Hodgson Russ Newsletter
October 31, 2016

In Fifth Third Bancorp v. Dudenhoeffer, the Supreme Court held that, where an employer’s stock is publicly traded, allegations that a fiduciary of a retirement plan holding the company’s stock as an investment should have recognized from publicly available information that the market was overvaluing or undervaluing the company’s stock are implausible, unless special circumstances exist.  The Supreme Court did not elaborate on what might constitute special circumstances.  The Supreme Court further held in Dudenhoeffer that, to state a claim for breach of the duty of prudence on the basis of inside information, a plaintiff must plausibly allege an alternative action that the fiduciary could have taken that would have been consistent with the securities laws and that a prudent fiduciary in the same circumstances would not have viewed as more likely to harm the plan than to help it.  In Amgen Inc. v. Harris, the Supreme Court clarified that the complaint itself must plausibly allege that a prudent fiduciary in the same position could not have concluded that the alternative action would do more harm than good.

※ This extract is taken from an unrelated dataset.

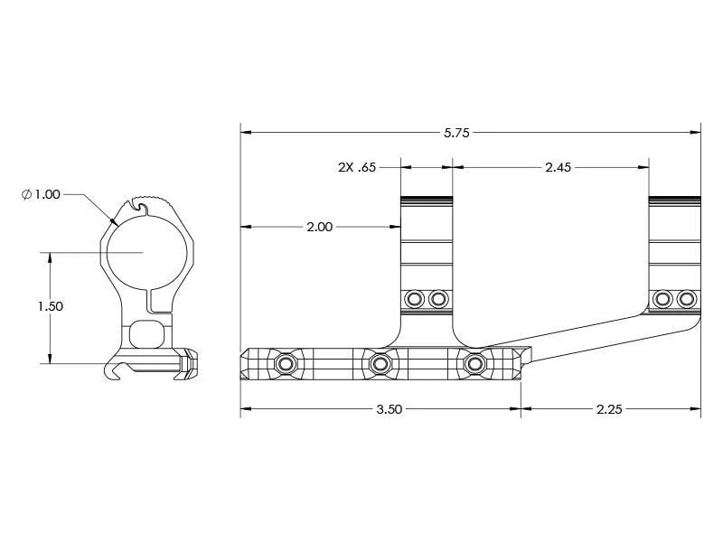 Our Ultralight 1″ SPR Scope Mount features a rear ring

BP, IBM, and Whole Foods Cases

BP, IBM and Whole Foods recently prevailed in lawsuits alleging breach of their fiduciary duty of prudence by continuing to allow purchases of overvalued company stock under retirement plans sponsored by the companies.  The plaintiffs in the lawsuits alleged that BP, IBM, and Whole Foods were in possession of inside information that the stock was overvalued, and that companies could have prevented the plans from paying too much for company stock by either (i) disclosing the nonpublic information, or (ii) freezing company stock purchases.  While either alternative would not have violated the securities laws, the courts noted that, because each alternative could easily result in the stock price dropping, a prudent fiduciary could conclude that such actions would do more harm than good.  Since the plaintiffs in each case failed to plausibly allege specific supporting facts that freezing contributions to the stock fund or disclosing nonpublic information would not have done more harm than good, the plaintiffs’ lawsuits were dismissed.

RadioShack Case

RadioShack also recently prevailed in a stock drop lawsuit against it.  The RadioShack lawsuit was different than the BP, IBM, and Whole Foods cases, in that plaintiffs alleged a breach of fiduciary duty based on both inside information and the existence of special circumstances.

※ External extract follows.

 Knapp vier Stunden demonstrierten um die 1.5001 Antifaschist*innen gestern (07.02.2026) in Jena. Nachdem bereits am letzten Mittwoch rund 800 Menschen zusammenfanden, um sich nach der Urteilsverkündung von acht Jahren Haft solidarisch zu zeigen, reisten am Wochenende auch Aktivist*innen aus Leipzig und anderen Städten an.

Plaintiffs argued that the special circumstances included that (i) the derivative and equity markets predicted the company would default on its debt, (ii) the company was highly leveraged, and (iii) the plan fiduciaries failed to properly investigate the continued prudence of the company stock or employ a reasoned decision-making process in evaluating the stock.  The court rejected plaintiffs’ argument that special circumstances existed, suggesting that special circumstances may be akin to accounting irregularities, misappropriation of inside information, or another action that affects the market’s reliability of a stock’s market price. 

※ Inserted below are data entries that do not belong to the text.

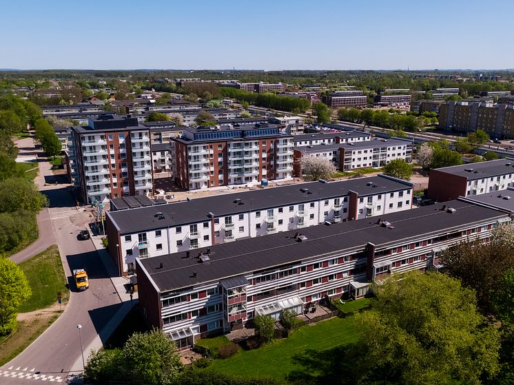Drottninghög och Grönkulla Gård sett uppifrån. De två lite högre tegelhusen, sju respektive fem våningar, rymmer 67 nybyggda lägenheter i olika storlekar.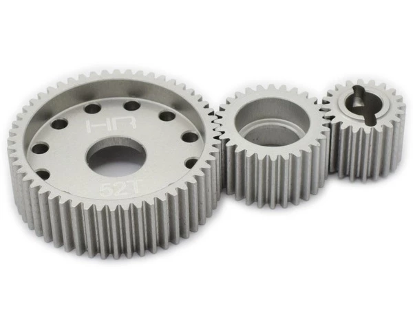 Hot Racing optional light weight aluminum transmission gear set for three-gear transmissions found in the Axial AX10, SCX10, SCX10 II (RTR only), SMT10 monster, and Wraith.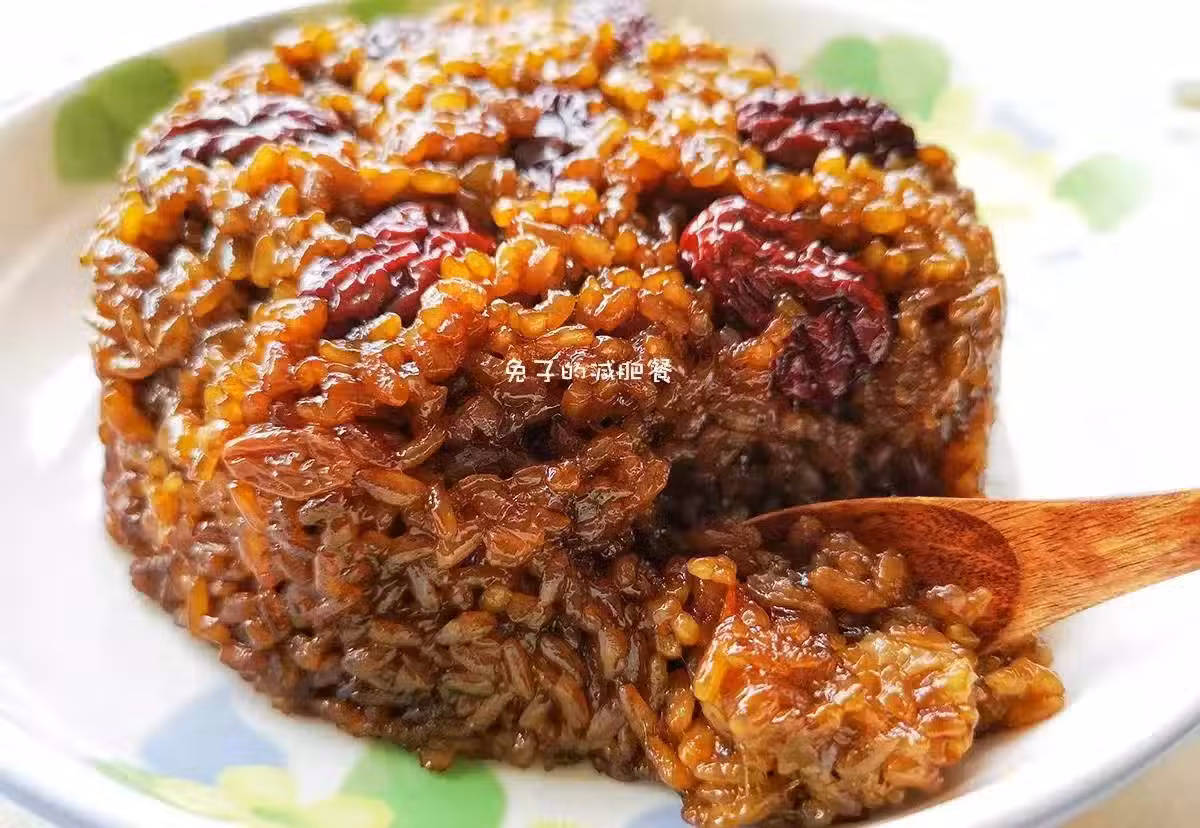 分享菜譜:《紅糖糯米飯》詳細製作步驟如下所需食材:糯米400克、紅糖4大勺、紅棗適量、葡萄乾、枸杞

With respect to their inside information claim, the plaintiffs alleged that (i) defendants made false and misleading statements regarding the company’s prospects that should have been corrected as part of a subsequent disclosure, (ii) contributions to the company stock fund should have been frozen, or (iii) the company should have provided full disclosure of material nonpublic information.  The court first held that the alleged false and misleading statements identified by plaintiffs amounted to mere puffery that was immaterial and did not require a corrective disclosure.  The court then held that plaintiffs’ claim otherwise failed because their complaint did not plausibly allege that insider information was withheld from the public.  Even assuming material information was withheld from the public, the court held that plaintiffs’ complaint did not plausibly allege that freezing contributions to the stock fund or disclosing nonpublic information would not do more harm than good.  Accordingly, the court dismissed plaintiffs’ complaint.